A long time ago, in a small town not so far away, I learned the value of that animal most oft referred to as “managing change.” I observed the approach of the animal like a floppy-eared rabbit who just saw a fox. And like the rabbit, I would at the time have been happy to disappear down a hole in the ground. Change, by the way, is scary now. It was a lot more so in the days when your average guy still thought a job was for life.
I learned about investment company’s asset stripping their acquisitions by basically sacking all the middle managers, putting in their own people, ripping the heart out of the business to maximise profit, then selling it on. I wasn’t a victim here by the way. I just had to run my own store, but I watched as I went through five different employers in as many years. This was the late 80s and early 90s. The only real difference between then and now is that the illusion is no more. There’s no longer such a thing as a job for life.
I saw it coming and once I had let go of my inner rabbit, worked to diversify my experience. I worked hard over the next few years to make myself “employable” by building core skills and experience that would be useful no matter the industry I end up in. I ended up in the bar trade.
In the third bar I worked in, I found myself back in management and in the fourth, back to that old pattern, as I spent 4 years in the same pub, but working for as many different employers in that time.

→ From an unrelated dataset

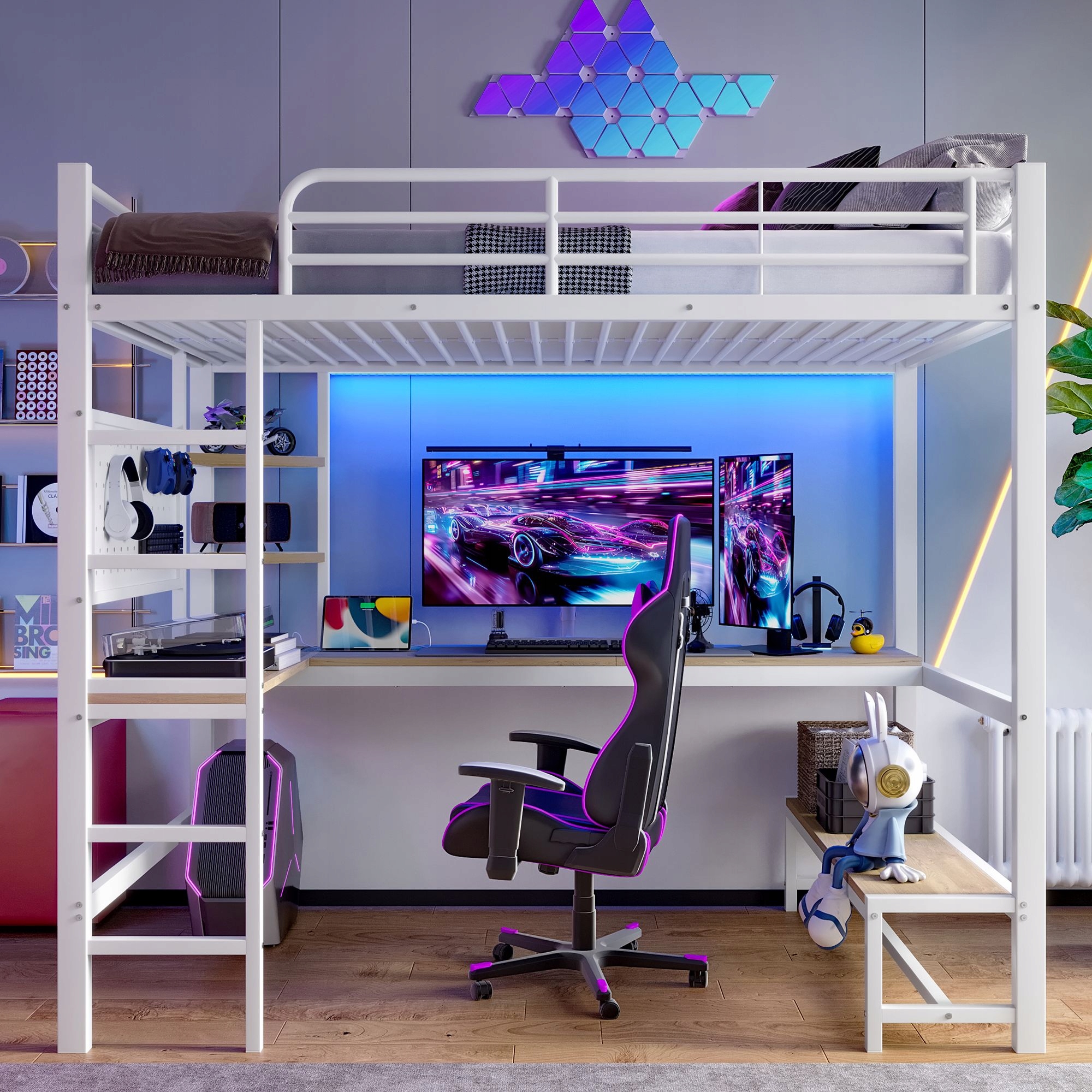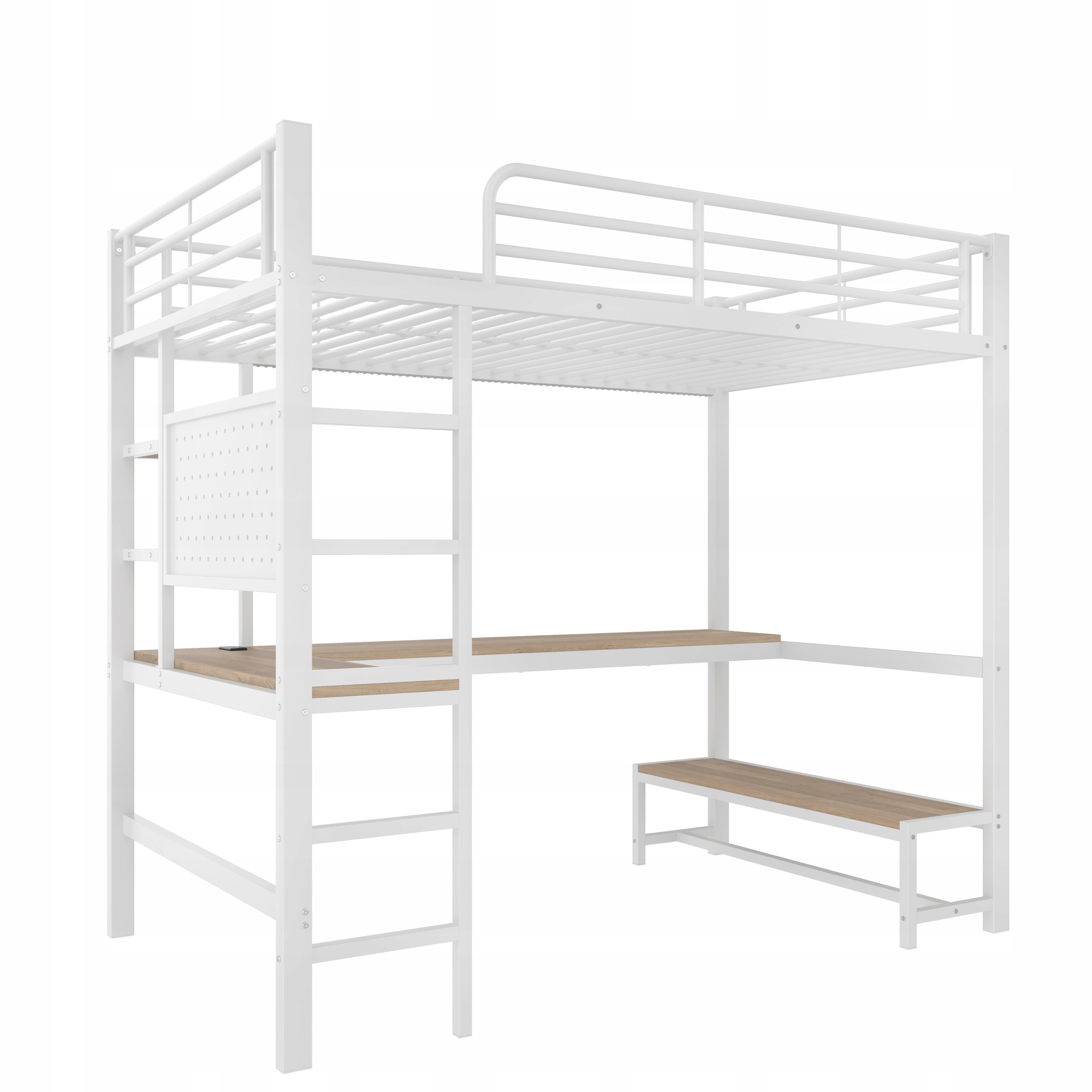 двоярусне ліжко 90 х 200 см, чавунна рама, стіл, порушення, драбина, багато полиць, з гніздо USB+типовим, зі світлодіодною стрічкою, з перфорованою стіною, без матраца, білого

A new dimension had manifested by this time however, as store managers also began to be targeted in the endless quest for profit. I watched as my own store manager was pushed out in favour of hiring someone on a lower salary. That wasn’t how the company sold it, but it was how it was.
A few good years in a restaurant then back to pubs. And back to that pattern again. It now feels like the bigger a company gets, the bigger a monster it becomes, as managers who don’t “fit” with the new regime are pushed out one way or another. Middle managers are turned into hatchet men or women to fulfil this end, on pain of their own job if they’re unwilling to comply.
These companies have become utterly callous in their approach, with the profit motive being worshipped above all else. Managers are put under appalling pressure to control costs, usually resulting in ridiculously overstretched staff in all parts of the business being expected to cope with everything thrown at them, for the pittance that is the minimum wage the company can get away with paying.
Naturally, they lose many good people as a result of their business methods. They also lose the loyalty of many of those who remain, resulting in reduced efficiency and therefore profit. This, unfortunately, results in ever more pressure and micromanagement. And so it continues on and on.
Now that I look back on my working life so far, I don’t think that I gave true justice to my predictions at the time. But I’m glad I made the choices I did as the roller-coaster I ended up riding would have been impossible otherwise.
As to an answer to the question “What’s a job worth?” From the perspective of one of these types of companies, very little. Perhaps we should return the favour and consider such a company as worth very little when considering who we want to spend so much of our time working hard for.